The effect of the gene mutation showed to be quite significant. Although it took the mutant longer to sprout, which must be taken into consideration, the overall growth rate of the mutated plant was much slower than that of the wild. This is observant in Figure 1 where it only took 18 days for the Wild Type to reach 40 mm, but it took the mutant type 32 days. That is twice the number of days, which can be classified as a significant difference in their growth. One that is most likely related to the mutation. Along with the growth difference we noticed that the plants phenotypes were slightly different from each other. The Wild Type was fuzzy on it’s leaves while the mutant was not. The wild also seemed to grow thicker, with wider leaves that were also a slightly darker shade of green when compared to the mutant. We hypothesize that these differences are due to the mutation, and that when the CHS mutation was turned on, other genes within the plant were turned off/on which caused these noticeable differences. Overall, we noticed that there was a difference between the two plants, showing that under normal conditions the Mutated Type is already significantly smaller than the Wild Type.
The differences between the experimental plants and their controls did not seem to be very apparent. We hypothesized that the Wild Type experimental and control would show the greatest difference, since originally the wild should thrive, but when under the treatment of the virus there should be signs of a struggle and sickness in the plant. However, no such observations were found. In fact the Wild Experimental was almost identical to it’s control.

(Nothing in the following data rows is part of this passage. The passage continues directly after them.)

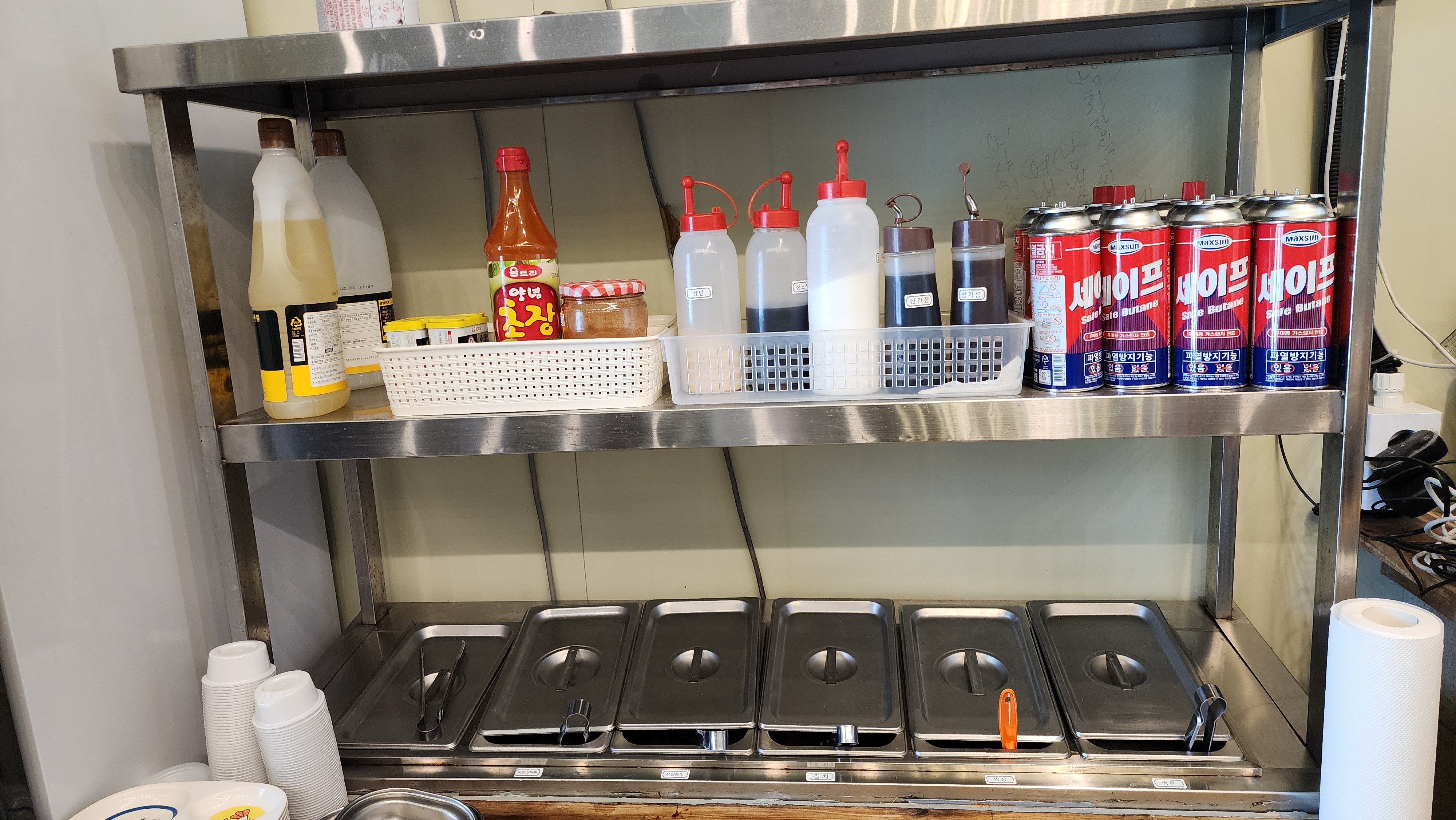 초장, 식용류, 여러가지 양념과 반찬도 준비되어 있어요.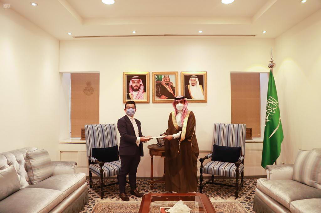 وتسلم ابن نحيت خلال الاستقبال، نسخة من أوراق اعتماده سفيراً لبلاده لدى المملكة، تمهيداً لتقديمها لخادم الحرمين الشريفين الملك سلمان بن عبدالعزيز آل سعود – حفظه الله -، ونقل تمنيات سمو وزير الخارجية له بالتوفيق في توطيد وتعزيز علاقات التعاون والدفع بها لآفاق أرحب.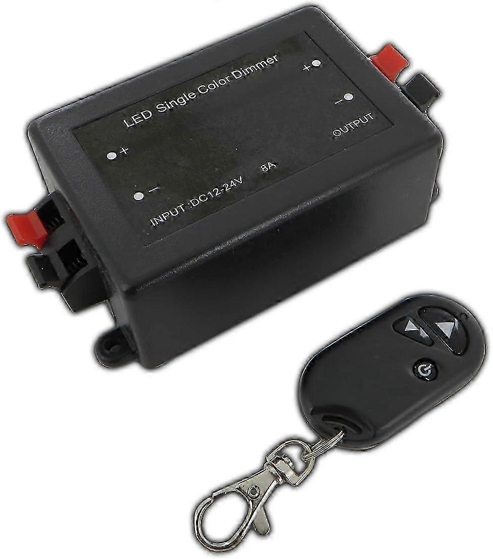 Wireless dimmer for LED lamps (max 48 W), 12 V AC/DC.- Easy assembly (on the 12 V DC LED transformer). Autonomy : approximately 20 m - With memory function. Easy connection via two cable lugs (maximum 1.5 mm).- Dimensions (dimmer): 106 x 58 x 34 mm. Practical dimmer for 12 V LED lamps, you can change the light intensity using the included remote control. The wireless LED dimmer is connected to the 12 V DC transformer and is suitable for almost all LED lamps. This dimmer for 12 V LED lamps you can change the light intensity using the supplied remote control. The wireless LED dimmer is connected to the 12 V DC transformer and is suitable for almost all lamps LED. The wireless dimmer has a range of approximately 20 meters and can be directly integrated into the lamp.-You can also control the dimmer from another room, as it works by waves radio and not by infrared like other dimmers. In addition, the LED dimmer has a memory function which allows you to find the last light intensity used the next time you turn it on. Thanks to the dimmer's remote control, you can also turn your device off and on. luminaire. Important information: Suitable only for 12 V DC LED transformers. Not suitable for 12 V AC halogen transformers. Attention to the input and output!Otherwise the dimmer may be damaged. Pay attention to the polarity when connecting.If + and - are reversed the dimming function is not provided. Technical characteristics: Dimmer for 12V AC/DC LED bulbs for LED lamps, LED garlands etc. Easy connection thanks to two cable lugs (maximum 1, 5 mm).- Power supply (continuous): 12 V DC. Maximum: 4 A (48 W). - Peak power (short duration): 8 A. Dimensions (dimmer): 106 x 58 x 34 mm. Dimensions (remote control): 57 x 30 x 11 mm. Range: Approximately 20 meters . Standby current: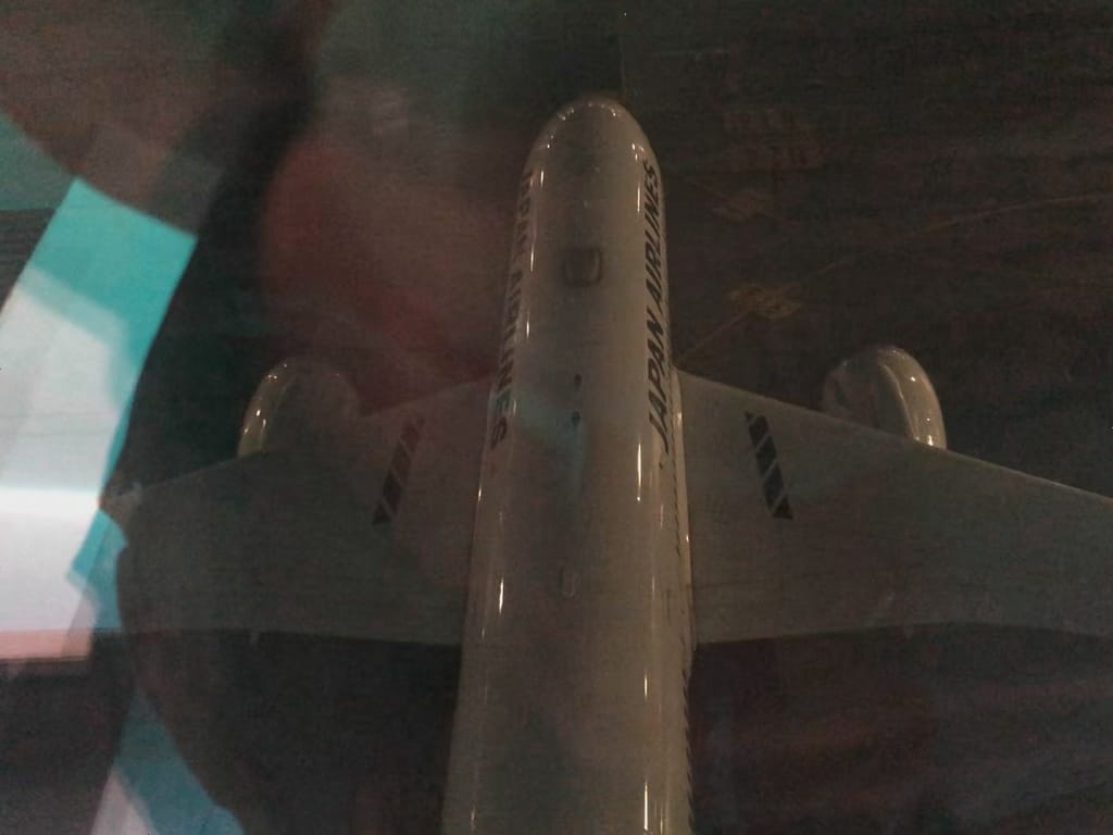 行ってみたら深夜なので運航便が少なく「Sky Bridge」の下を通る飛行機がない。諦めて戻ろうかと思ったらJAL便がボーディングブリッジから切り離されて、バックで橋の下に入ったので真上から飛行機が見れた。周りが暗いので写真写りは良くないです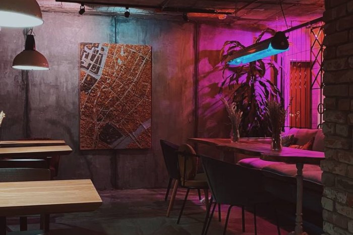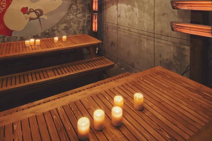 Заведение разделили на несколько зон: двор-колодец с японской сливой и стрит-артом на тему шибари, арку-сад с контактным баром и основной зал, оформленный в стиле японской опиумной.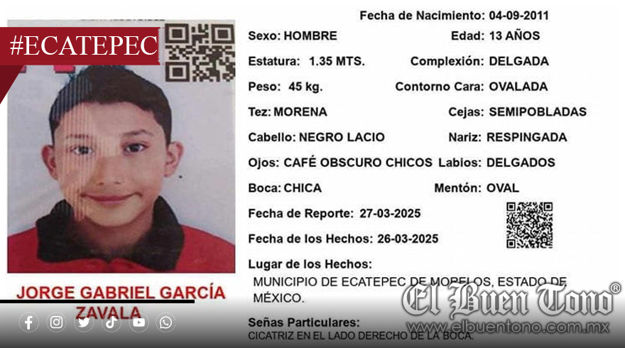 Ecatepec, EdoMex.- Jorge Gabriel García Zavala, de 13 años, fue reportado como no localizado el pasado 26 de marzo en Ecatepec, Estado de México. El menor salió de su casa en la colonia Fuentes de Aragón tras una discusión familiar relacionada con sus calificaciones escolares.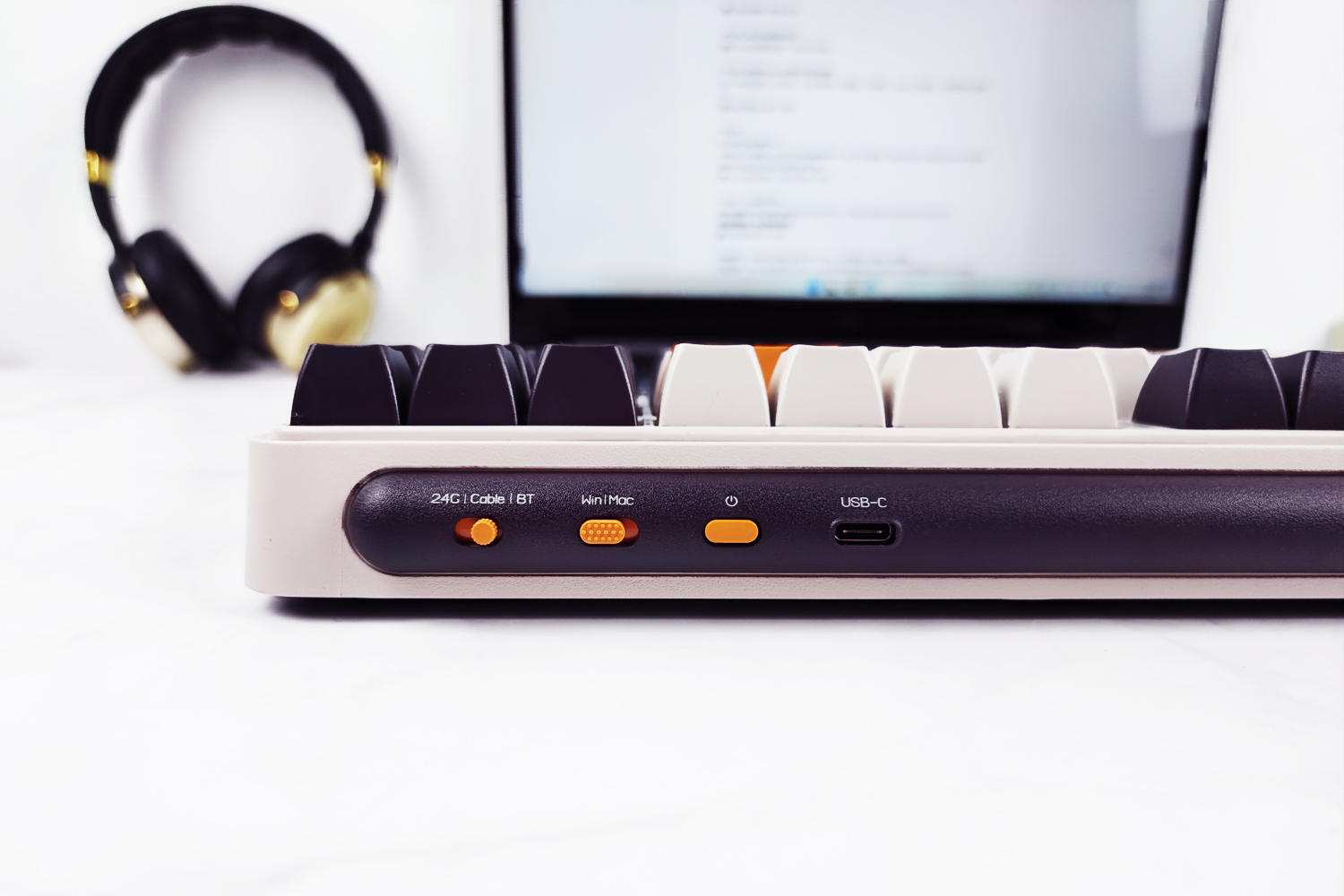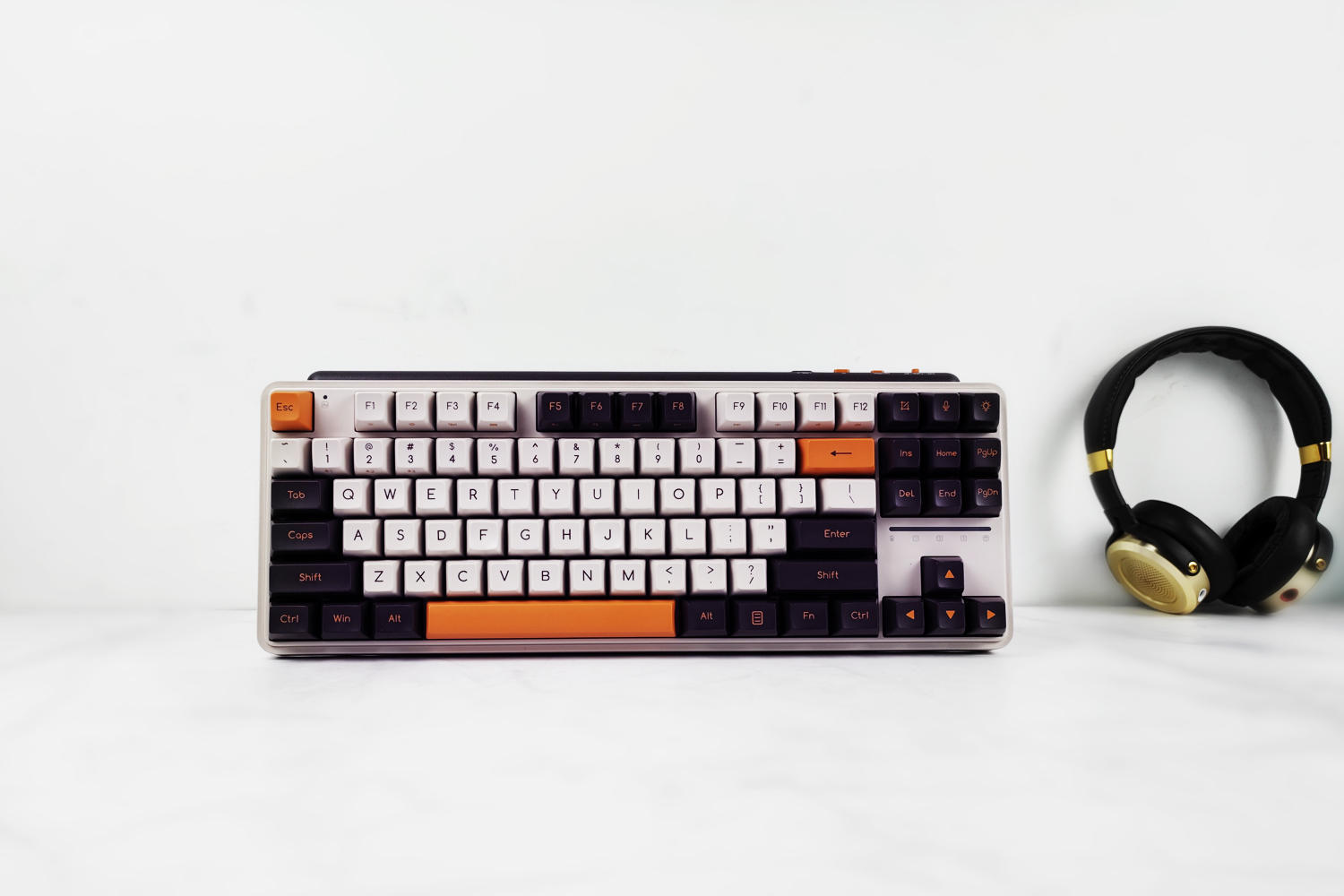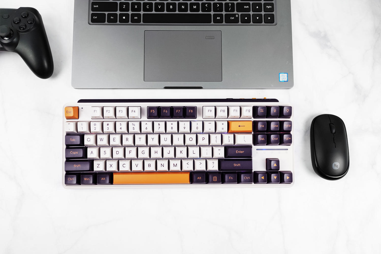 键盘有冬之旷野(佳达隆G黄PRO轴)、紫薯牛奶(凯华B0X红轴)两种可选,我这款是紫薯牛奶配色,主色调为白色+暗紫色+橙色,复古风造型、力量感十足,外观符合我的审美。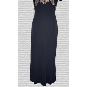 David Meister Embroidered Beaded Luxe Gown Womens 8 Black Gold Maxi Elegant Gala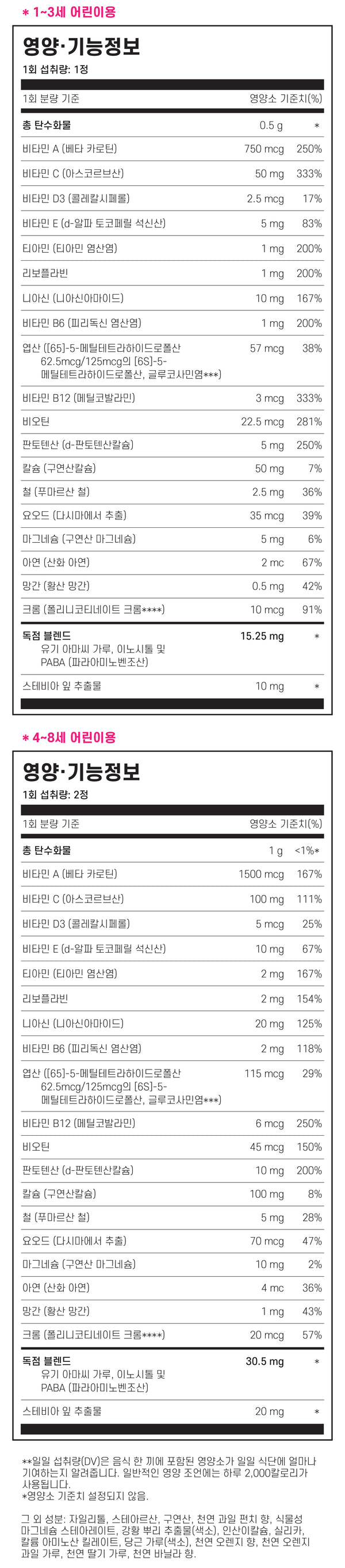 - 어린이에게 필수적인 비타민 및 미네랄 함유

The only difference we found to be was that the Wild Type Experimental seemed to have a slightly larger rosette diameter from the Control. However, they were always very close together in growth. As seen in Figure 2, it took the Wild Type Experimental 14 days to reach 40mm, while it took the Wild Type Control 16 days, which is not significant was at 14 days and the Wild Type Control was at 16 days of growth when it hit 40mm. Another example is how long it took them to each reach 60mm. For the Wild Type Experimental it took 20 days and it took the Wild Type Control 21 days. Then on the 34th day the plants reached the same height. Since we suspected a rather significant difference between these two plants and received none, even in the phenotype of the plant, I suspect that the virus somehow did not reach the plant. Since the Mutated Experimental and the Mutated Control showed the same similar results and no signs of the virus, I suspect that it did not receive the virus, or at least enough of it to allow us to observe the effects.
Finally, while taking into consideration the previous conclusions we came to from our data, we determined that the difference between our two plants was significant, however we do not suspect it to be caused by the tobacco treatment. In fact, we stay strong to our hypothesis that it is due to the CHS mutation itself. We believe that the CHS mutation resulted in the plants to be smaller and with a slower growth rate. This is evident in that, it took the Wild 14 days to reach 40mm and it took the mutated plant until the 20th day to reach 40mm. Then for 50mm it took the Wild only until the 20th day, while it took the mutated until the 32nd day. This is a significant difference between the two plants, which may have been a result of the Tobacco treatment, but since the plants phenotype showed no results when we expected it to, I believe that the difference is simply because of the mutation.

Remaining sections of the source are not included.